I doubt that however; more simply, I suspect it was simply a matter of wanting to retain some relevance to all parties, and not be bypassed no matter what happens on the ground. Nothing would be more embarrassing than admitting that the Taliban (not to mention much of their own country) is so far out of their direct control that they have nothing to offer anyone in any practical sense.
One thing I read in many of the American officials comments (mostly defending against the idea that Pakistan is working against us) is the need to mollify (not mollycoddle, Marty!) American voters, who are increasingly aghast at Pakistan's duplicity, as well as to maintain the pretense that we 'trust' Pakistan... or at least maintain that Pakistan is more hapless than actively working against the US.
In any case, I think the reality of any prospect of productive "peace talks" between Afghans and the Taliban (and their subunits) is actually rather far-fetched; indeed, as mentioned in the story, all that had transpired were discussions on *how* talks could be done, if ever they were to come about. I would think that no matter what, preconditions for any future cooperation between the Taliban and any future afghan government would require basic concessions that either party would consider non-starters. There simply is not a lot of 'middle ground' when dealing with religious extremists, who have no conception of universal rights or basic individual freedoms. What could the government offer them as a 'concession' that would appease them in any way? Anything short of a fragmenting of the country into a "Islamic totalitarian" Afghanistan, and a 'corrupt, albeit slightly more pluralistic Afghanistan" (some basic rights for women, and some kind of rule of law) would seem un-reachable, and even that framework I think would be a non-starter for all parties.

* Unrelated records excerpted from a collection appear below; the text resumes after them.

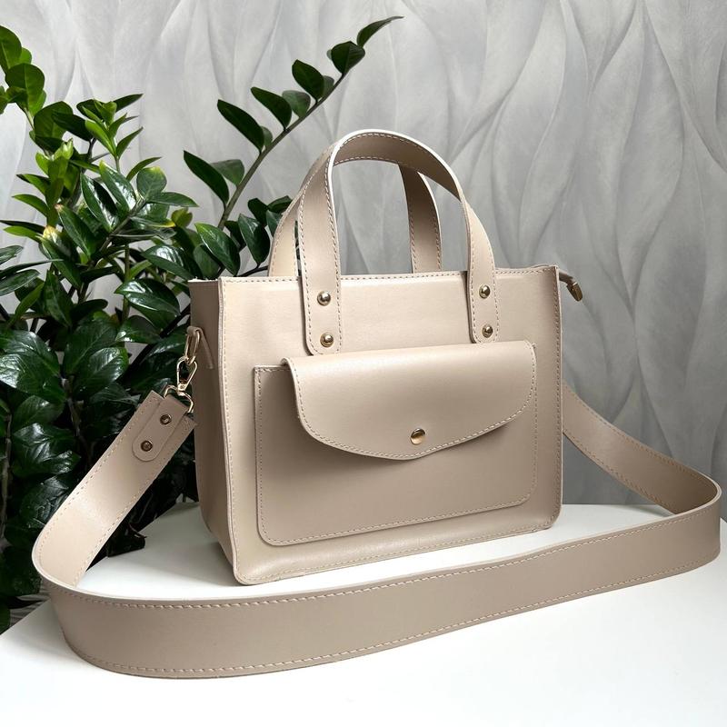 Темно бежевая сумка из эко кожи с карманом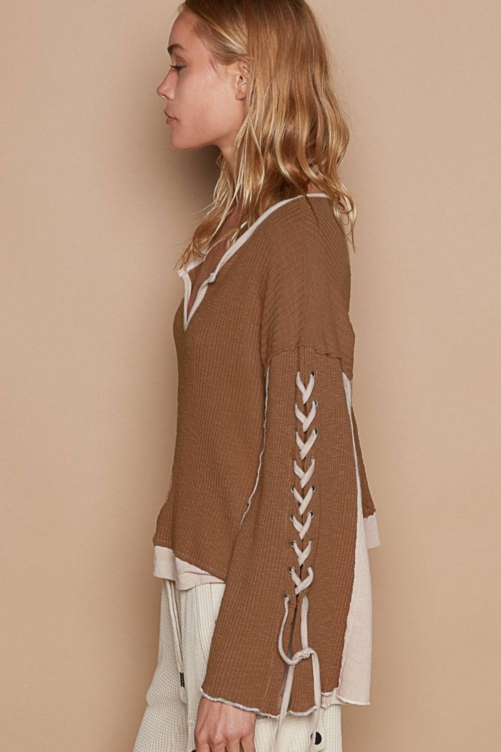 POL Lace-Up Sleeve Color Block Ribbed Knit Top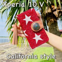 Xperia 10 V レザーケース 星柄 コンチョ タッセルストラップ付 手帳型カバー 西海岸カリフォルニアスタイル サーフスタイル レッド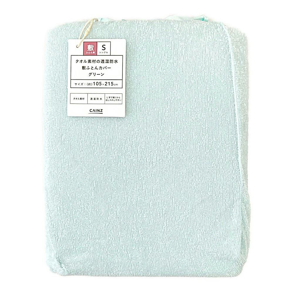 タオル素材の透湿防水 敷ふとんカバー グリーン シングル※カバーのみ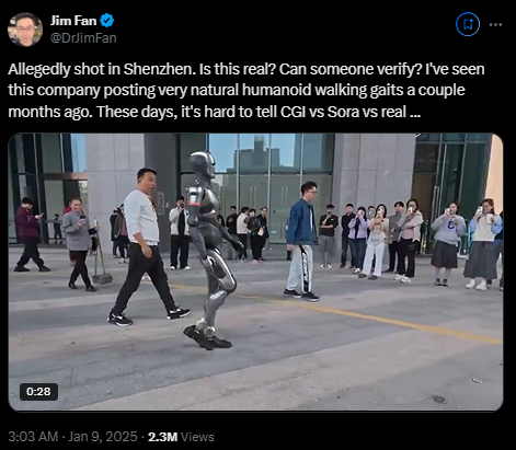 英偉達高級AI研究科學家Jim Fan轉發其行走影片並感歎:「這是真的嗎?」Jim Fan甚至懷疑這是由AI影片生成工具Sora生成的。

Perhaps the most classic understatement in the article is the admission: "Exactly why the Pakistan’s intelligence agency, the Directorate for Inter-Services Intelligence, or ISI, became so alarmed at the Afghan peace talks is unclear. In retrospect, paranoia seems to have figured as much as national self-interest."
This mild analysis perhaps makes the most sense; that despite the appearance of some strategic interest, in reality it is simply Pakistani ISI neurosis driving decisions, none of which are particularly helpful either for themselves or Afghanistan, but which they engage in anyway out of historical habit, and a need to feel they maintain some kind of hands on the wheels of events, even if it means their decisions produce nothing of any practical value for anyone concerned, least of all themselves or the people of the region.